***** Provided information
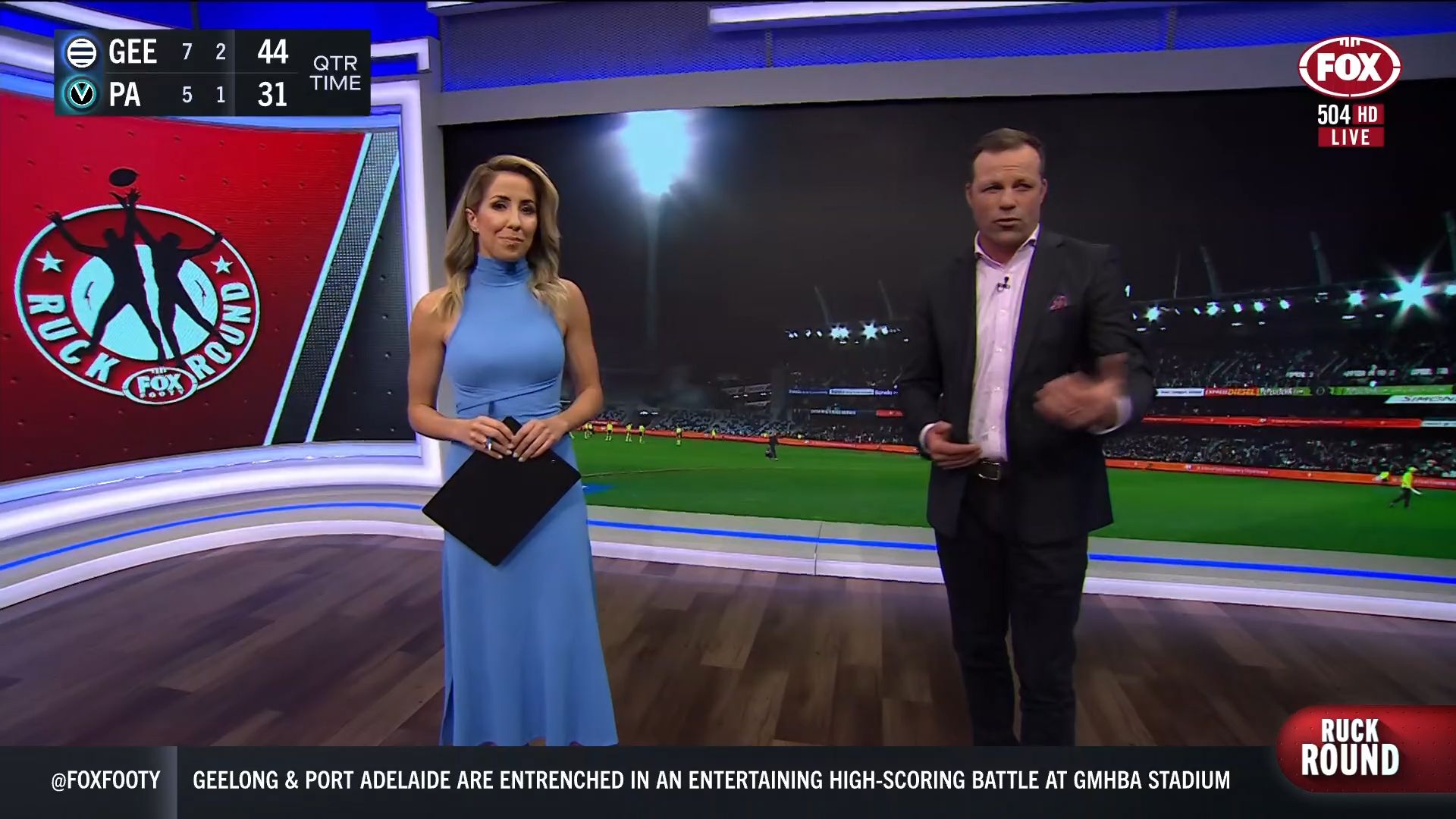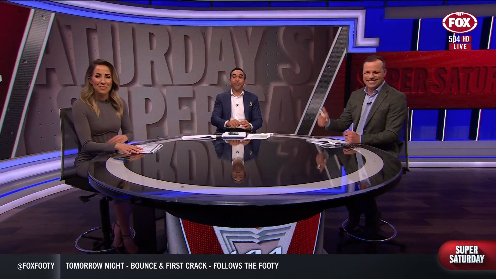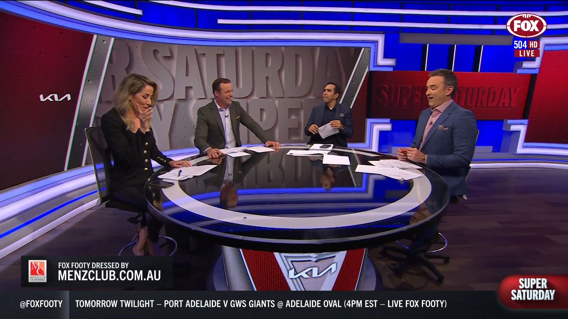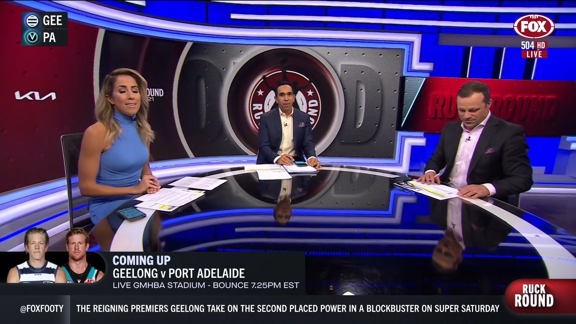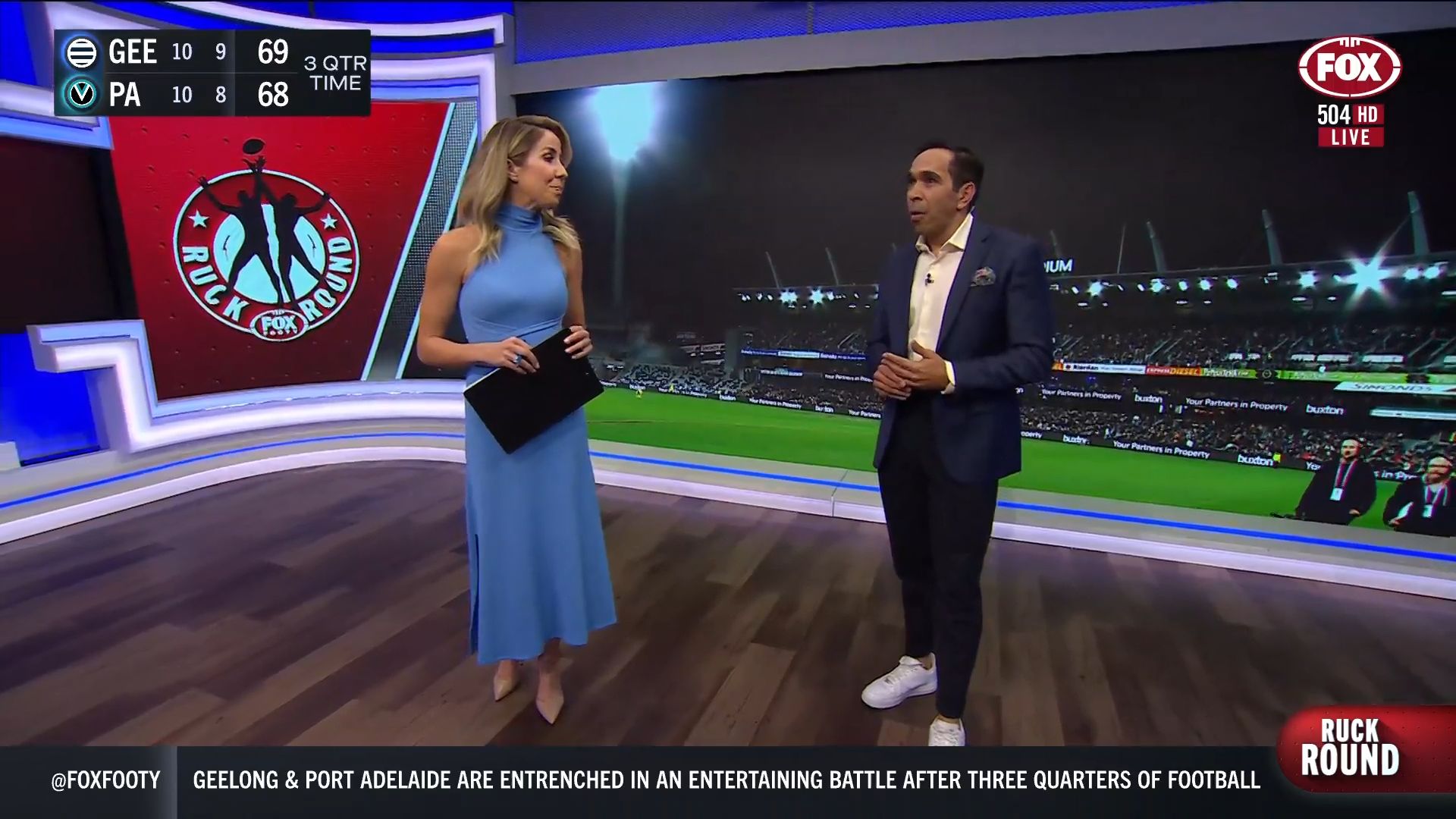 Kath looking great in a leather skirt on Fox Footy!
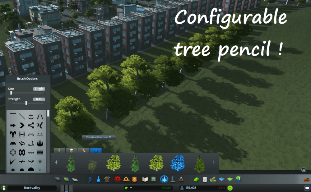 Позволяет размещать природные ресурсы в игре + предоставляет настраиваемую кисть для редактора ландшафта и воды. Мод предоставляет некоторые инструменты редактора карт в игре (например, инструмент ресурсов). Этот мод также имеет собственную кисть деревьев, которую можно настроить с помощью панели инструментов «Brush Options». Можно настроить плотность посадки дерева («Сила»), а также размер и форму кисти. Чтобы использовать режим карандаша дерева, удерживайте нажатой левую кнопку мыши и двигайте мышь в режиме одного дерева.
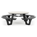 Rondino picknicktafel in beige aluminium en volkeramiek Shilin - Dia. 148 cm | Exterioo tuinmeubelen
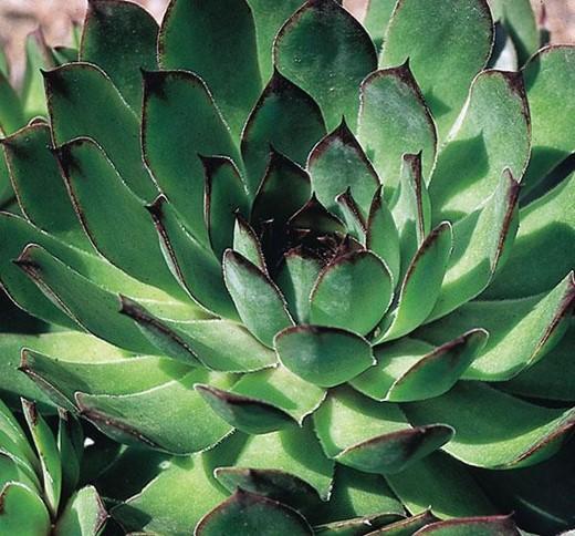 - One of the few sempervivums that thrives in the heat and humidity 'Carmen' forms beautiful evergreen rosettes of succulent lettuce-green, maroon-tipped leaves, which turn purple in winter. The rosettes develop by offsets into crowded, colorful, richly textured mats. In summer the older rosettes send out thick stalks bristling with stubby pointed leaves and topped with dense clusters of tightly packed pinkish white blooms. Rosettes die after flowering.
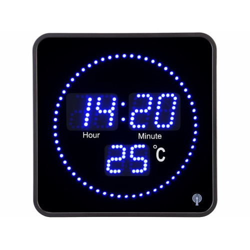Sur cette horloge déco au design épuré et moderne, 185 LED bleues tournent et clignotent autour de l’écran marquent les secondes alors que l’heure et les minutes sont en affichage fixe.Vous n’aurez plus besoin de penser à régler l’heure pour les passages d’heure d’hiver et l’été gr√¢ce au radio-pilotage (signal DCF77)L’écran lumineux avec de gros chiffres permet de voir l’heure même dans le noir.Vous pouvez le poser sur un meuble ou l’accrocher au mur.Le plus du produit:- Affichage lumineux avec grands chiffres- Radio-pilotage et température ambiante- Design moderne et soignéCARACT√âRISTIQUES :- Boitier compact et plat- Horloge à LEDS bleues (185 Leds dont 60 pour les secondes)- Taille du chiffre: 3.8 cm- Alimentation : par chargeur secteur 230 V- Modèle : chargeur secteur de ZX6697 : JL-E141- Tension d’entrée : 230 V AC- Fréquence d’entrée AC : 50 Hz- Tension de sortie : 9,0 V AC- Courant de sortie : 0,5 A- Puissance de sortie : 4,5 W- Efficacité moyenne en fonctionnement : 78,16 %- Efficacité à faible charge (10 %) [si supérieure à un chargeur 10 W] : 77,47 %- Puissance absorbée en cas de charge nulle : 0,13 W- Dimensions: 20 x 20 x 3.5 cm- Adaptateur secteur 230V et mode d’emploi FR fournis- Poids : 623 gPRECISION = cette horloge fonctionne sur secteur uniquement !
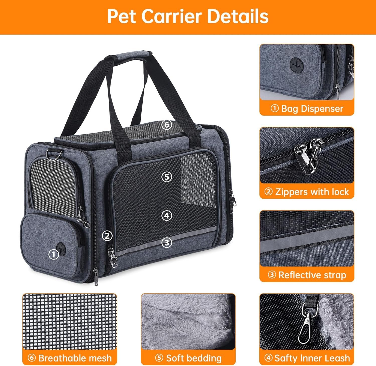 #Pet #Travel #Carrier #Airplane #Approved #Seat #TSA #Airline #Approved #SoftSided #Carrier #Bag #Cats #Dogs #Inches #Grey
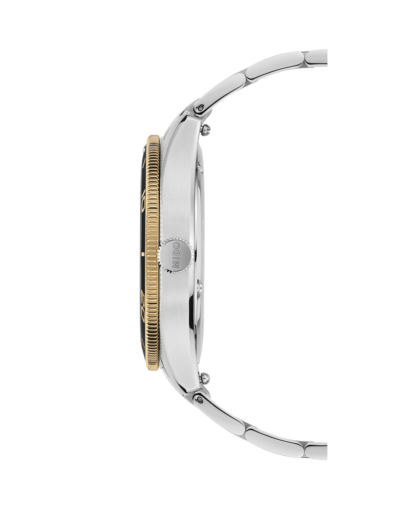 Nonostante le caratteristiche tecniche di tutto rispetto, sono le scelte stilistiche di MIDO a rapire lo sguardo. Il quadrante ha un originale motivo ondulato in rilievo a richiamare le onde marine. Gli indici applicati sono rotondi e di dimensioni generose per garantire una leggibilità ottimale. Su di essi, come sulle sfere di ore e minuti, trova spazio una buona dose di Superluminova, che consente la lettura dell’ora anche al buio.
**********
**Task objective:** Only the lines from the beginning of the records up to and including the line with "Rondino picknicktafel in" should appear, exactly as they are, and no pictures.

**Output for this exercise:**
 Kath looking great in a leather skirt on Fox Footy!
 Позволяет размещать природные ресурсы в игре + предоставляет настраиваемую кисть для редактора ландшафта и воды. Мод предоставляет некоторые инструменты редактора карт в игре (например, инструмент ресурсов). Этот мод также имеет собственную кисть деревьев, которую можно настроить с помощью панели инструментов «Brush Options». Можно настроить плотность посадки дерева («Сила»), а также размер и форму кисти. Чтобы использовать режим карандаша дерева, удерживайте нажатой левую кнопку мыши и двигайте мышь в режиме одного дерева.
 Rondino picknicktafel in beige aluminium en volkeramiek Shilin - Dia. 148 cm | Exterioo tuinmeubelen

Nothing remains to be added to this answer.